> **TRY IT**
In the records below, find the line with "Zarte Heringshappen ohne", then retype it and every following line exactly, stopping after the line with "The man is using an axe to chop a Wood". Leave the pictures out.
Top of SOURCE MATERIAL
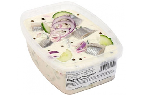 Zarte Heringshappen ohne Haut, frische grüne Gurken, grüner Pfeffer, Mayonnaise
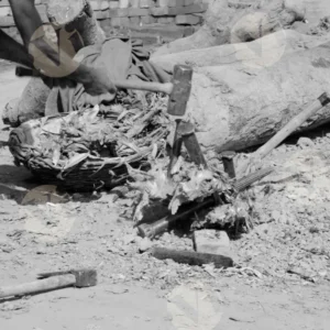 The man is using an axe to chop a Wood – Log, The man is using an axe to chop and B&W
Bottom of SOURCE MATERIAL
Top of SOURCE MATERIAL
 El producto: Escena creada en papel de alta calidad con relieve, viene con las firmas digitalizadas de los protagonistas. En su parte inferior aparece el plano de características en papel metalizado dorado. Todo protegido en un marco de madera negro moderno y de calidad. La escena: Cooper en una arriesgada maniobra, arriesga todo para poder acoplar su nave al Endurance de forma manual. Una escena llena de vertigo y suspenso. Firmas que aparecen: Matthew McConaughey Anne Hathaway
Bottom of SOURCE MATERIAL
> **ANSWER BELOW**
 Zarte Heringshappen ohne Haut, frische grüne Gurken, grüner Pfeffer, Mayonnaise
 The man is using an axe to chop a Wood – Log, The man is using an axe to chop and B&W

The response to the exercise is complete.